What to do: When you copy the listing, skip the images and return each line verbatim.

·····

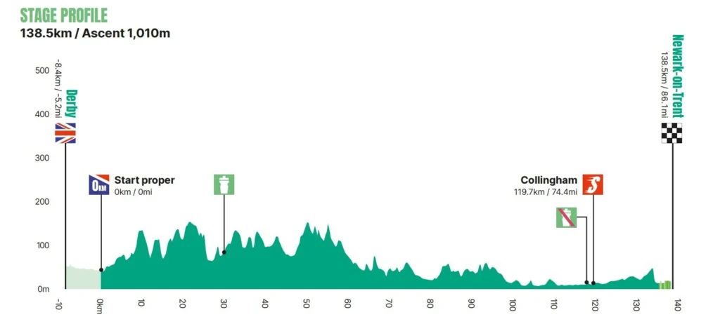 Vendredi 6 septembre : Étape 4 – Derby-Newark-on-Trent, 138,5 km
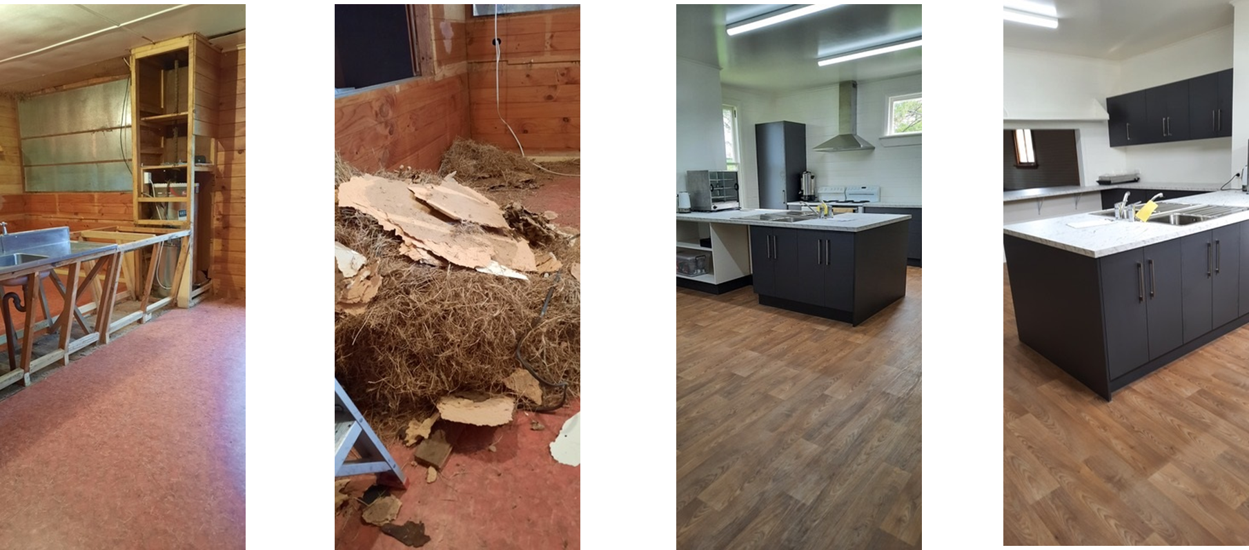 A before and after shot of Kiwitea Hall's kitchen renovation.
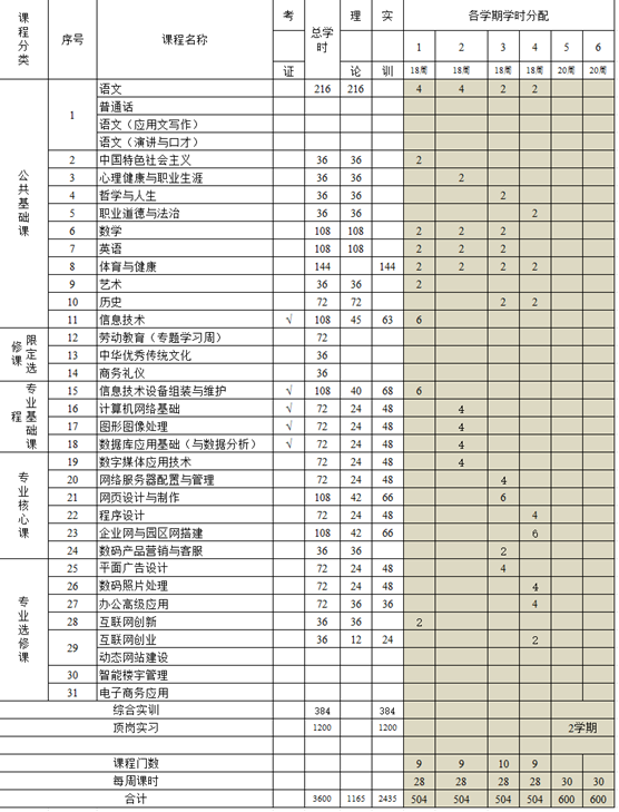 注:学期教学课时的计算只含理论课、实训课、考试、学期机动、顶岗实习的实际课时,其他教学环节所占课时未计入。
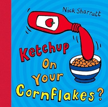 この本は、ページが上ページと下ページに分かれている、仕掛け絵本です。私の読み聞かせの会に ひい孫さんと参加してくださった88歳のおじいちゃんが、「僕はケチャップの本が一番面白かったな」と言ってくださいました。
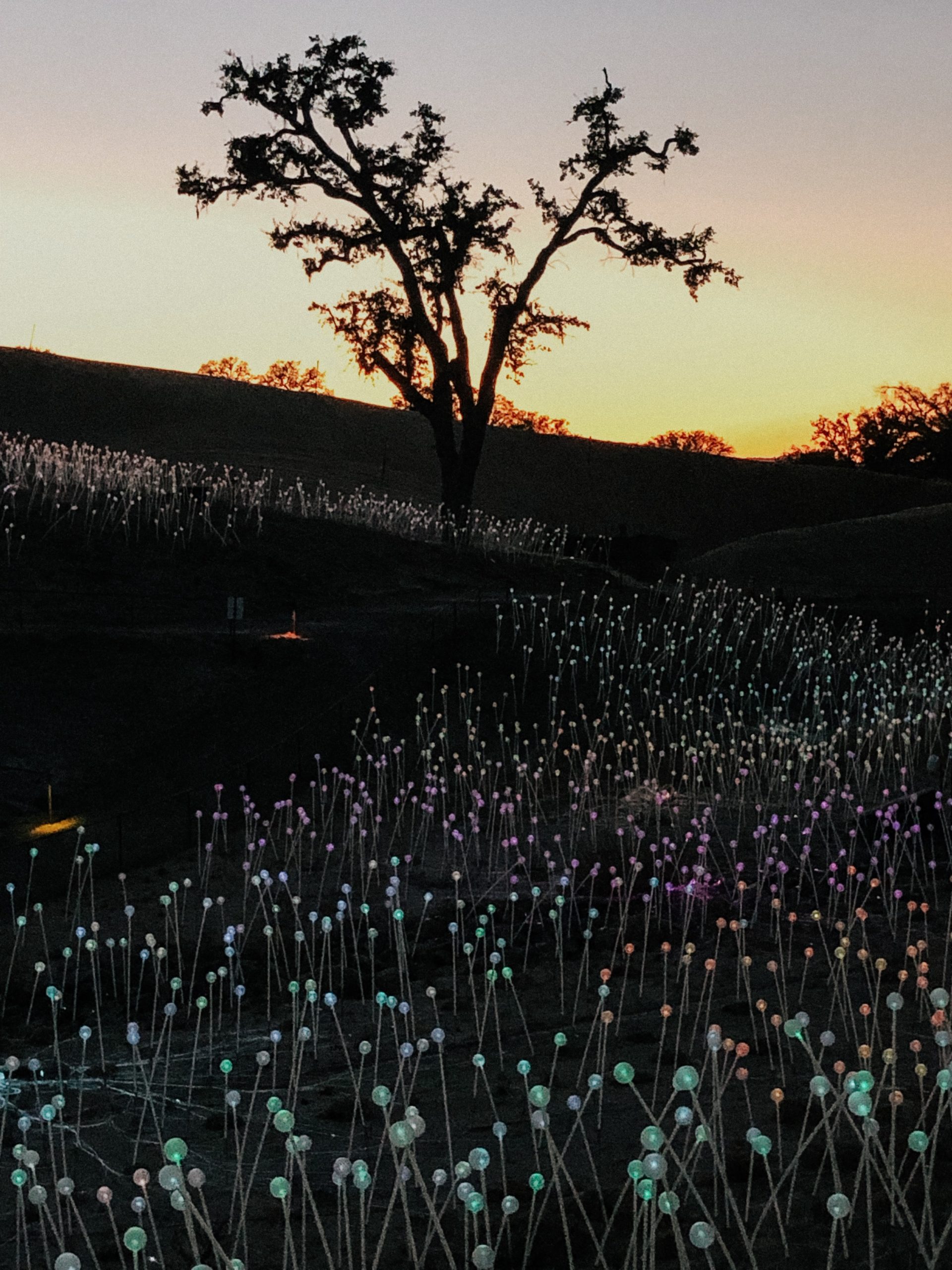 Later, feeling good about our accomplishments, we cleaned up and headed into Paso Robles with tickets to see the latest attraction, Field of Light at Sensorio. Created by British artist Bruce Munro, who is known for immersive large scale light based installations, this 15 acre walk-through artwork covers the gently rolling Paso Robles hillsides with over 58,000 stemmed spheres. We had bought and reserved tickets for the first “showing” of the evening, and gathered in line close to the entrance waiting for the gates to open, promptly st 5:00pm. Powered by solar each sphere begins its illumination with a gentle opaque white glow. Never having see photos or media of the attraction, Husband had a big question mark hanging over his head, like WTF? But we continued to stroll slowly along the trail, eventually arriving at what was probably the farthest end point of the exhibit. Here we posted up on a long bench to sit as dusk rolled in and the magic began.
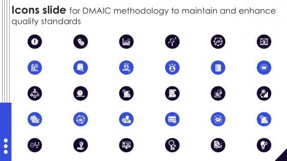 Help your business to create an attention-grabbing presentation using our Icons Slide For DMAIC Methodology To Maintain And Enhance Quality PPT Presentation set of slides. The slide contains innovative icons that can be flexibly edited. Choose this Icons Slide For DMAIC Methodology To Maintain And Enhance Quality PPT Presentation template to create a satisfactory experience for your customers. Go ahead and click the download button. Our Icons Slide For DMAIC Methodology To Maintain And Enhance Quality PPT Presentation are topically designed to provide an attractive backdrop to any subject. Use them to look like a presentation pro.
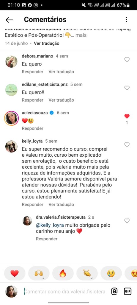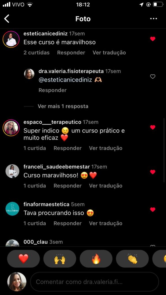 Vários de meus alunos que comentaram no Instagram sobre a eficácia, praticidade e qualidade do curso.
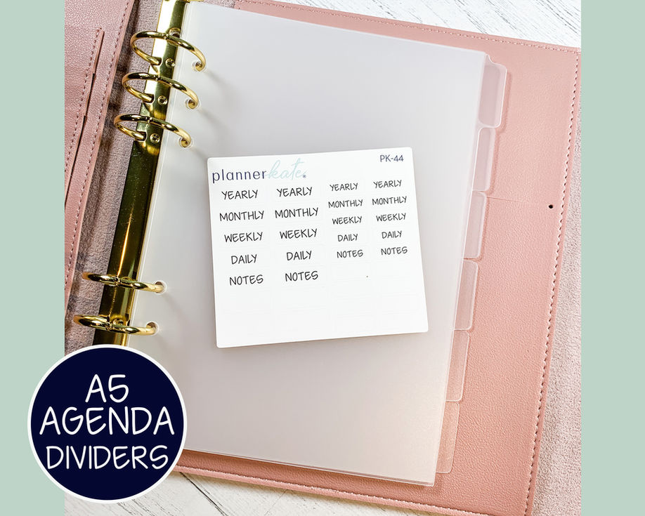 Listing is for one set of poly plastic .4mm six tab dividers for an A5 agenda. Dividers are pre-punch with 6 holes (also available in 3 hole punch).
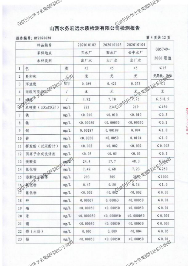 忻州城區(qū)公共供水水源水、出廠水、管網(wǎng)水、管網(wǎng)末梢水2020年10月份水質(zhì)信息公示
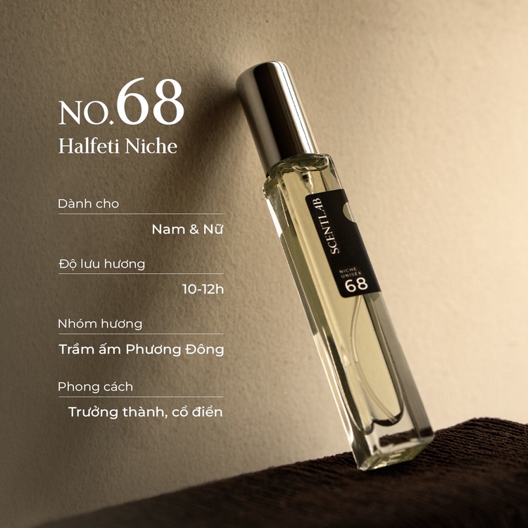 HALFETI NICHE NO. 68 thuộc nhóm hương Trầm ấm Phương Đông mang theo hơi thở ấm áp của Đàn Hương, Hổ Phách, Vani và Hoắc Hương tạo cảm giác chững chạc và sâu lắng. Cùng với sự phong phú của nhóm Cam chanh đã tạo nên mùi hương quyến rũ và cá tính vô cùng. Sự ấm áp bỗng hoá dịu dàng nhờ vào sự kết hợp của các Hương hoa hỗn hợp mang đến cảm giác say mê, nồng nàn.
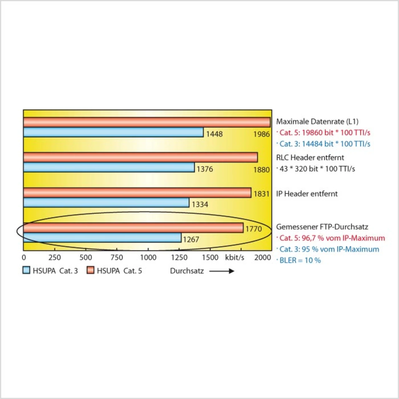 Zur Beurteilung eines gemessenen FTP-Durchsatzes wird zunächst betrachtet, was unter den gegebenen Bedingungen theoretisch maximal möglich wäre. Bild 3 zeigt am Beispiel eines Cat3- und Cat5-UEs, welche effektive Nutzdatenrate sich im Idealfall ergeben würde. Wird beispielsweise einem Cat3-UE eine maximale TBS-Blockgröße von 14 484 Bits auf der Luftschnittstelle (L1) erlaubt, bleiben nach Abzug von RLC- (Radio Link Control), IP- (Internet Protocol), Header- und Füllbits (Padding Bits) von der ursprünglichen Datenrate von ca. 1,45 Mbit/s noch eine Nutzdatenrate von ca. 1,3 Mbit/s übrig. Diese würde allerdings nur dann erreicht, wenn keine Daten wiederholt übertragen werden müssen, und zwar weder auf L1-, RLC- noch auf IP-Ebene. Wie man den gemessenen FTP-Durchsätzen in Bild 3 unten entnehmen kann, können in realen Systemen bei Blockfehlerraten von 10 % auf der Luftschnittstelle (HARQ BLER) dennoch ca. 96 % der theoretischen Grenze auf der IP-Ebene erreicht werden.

·····

Written response:
 Vendredi 6 septembre : Étape 4 – Derby-Newark-on-Trent, 138,5 km
 A before and after shot of Kiwitea Hall's kitchen renovation.
 注:学期教学课时的计算只含理论课、实训课、考试、学期机动、顶岗实习的实际课时,其他教学环节所占课时未计入。
 この本は、ページが上ページと下ページに分かれている、仕掛け絵本です。私の読み聞かせの会に ひい孫さんと参加してくださった88歳のおじいちゃんが、「僕はケチャップの本が一番面白かったな」と言ってくださいました。
 Later, feeling good about our accomplishments, we cleaned up and headed into Paso Robles with tickets to see the latest attraction, Field of Light at Sensorio. Created by British artist Bruce Munro, who is known for immersive large scale light based installations, this 15 acre walk-through artwork covers the gently rolling Paso Robles hillsides with over 58,000 stemmed spheres. We had bought and reserved tickets for the first “showing” of the evening, and gathered in line close to the entrance waiting for the gates to open, promptly st 5:00pm. Powered by solar each sphere begins its illumination with a gentle opaque white glow. Never having see photos or media of the attraction, Husband had a big question mark hanging over his head, like WTF? But we continued to stroll slowly along the trail, eventually arriving at what was probably the farthest end point of the exhibit. Here we posted up on a long bench to sit as dusk rolled in and the magic began.
 Help your business to create an attention-grabbing presentation using our Icons Slide For DMAIC Methodology To Maintain And Enhance Quality PPT Presentation set of slides. The slide contains innovative icons that can be flexibly edited. Choose this Icons Slide For DMAIC Methodology To Maintain And Enhance Quality PPT Presentation template to create a satisfactory experience for your customers. Go ahead and click the download button. Our Icons Slide For DMAIC Methodology To Maintain And Enhance Quality PPT Presentation are topically designed to provide an attractive backdrop to any subject. Use them to look like a presentation pro.
 Vários de meus alunos que comentaram no Instagram sobre a eficácia, praticidade e qualidade do curso.
 Listing is for one set of poly plastic .4mm six tab dividers for an A5 agenda. Dividers are pre-punch with 6 holes (also available in 3 hole punch).
 忻州城區(qū)公共供水水源水、出廠水、管網(wǎng)水、管網(wǎng)末梢水2020年10月份水質(zhì)信息公示
 HALFETI NICHE NO. 68 thuộc nhóm hương Trầm ấm Phương Đông mang theo hơi thở ấm áp của Đàn Hương, Hổ Phách, Vani và Hoắc Hương tạo cảm giác chững chạc và sâu lắng. Cùng với sự phong phú của nhóm Cam chanh đã tạo nên mùi hương quyến rũ và cá tính vô cùng. Sự ấm áp bỗng hoá dịu dàng nhờ vào sự kết hợp của các Hương hoa hỗn hợp mang đến cảm giác say mê, nồng nàn.
 Zur Beurteilung eines gemessenen FTP-Durchsatzes wird zunächst betrachtet, was unter den gegebenen Bedingungen theoretisch maximal möglich wäre. Bild 3 zeigt am Beispiel eines Cat3- und Cat5-UEs, welche effektive Nutzdatenrate sich im Idealfall ergeben würde. Wird beispielsweise einem Cat3-UE eine maximale TBS-Blockgröße von 14 484 Bits auf der Luftschnittstelle (L1) erlaubt, bleiben nach Abzug von RLC- (Radio Link Control), IP- (Internet Protocol), Header- und Füllbits (Padding Bits) von der ursprünglichen Datenrate von ca. 1,45 Mbit/s noch eine Nutzdatenrate von ca. 1,3 Mbit/s übrig. Diese würde allerdings nur dann erreicht, wenn keine Daten wiederholt übertragen werden müssen, und zwar weder auf L1-, RLC- noch auf IP-Ebene. Wie man den gemessenen FTP-Durchsätzen in Bild 3 unten entnehmen kann, können in realen Systemen bei Blockfehlerraten von 10 % auf der Luftschnittstelle (HARQ BLER) dennoch ca. 96 % der theoretischen Grenze auf der IP-Ebene erreicht werden.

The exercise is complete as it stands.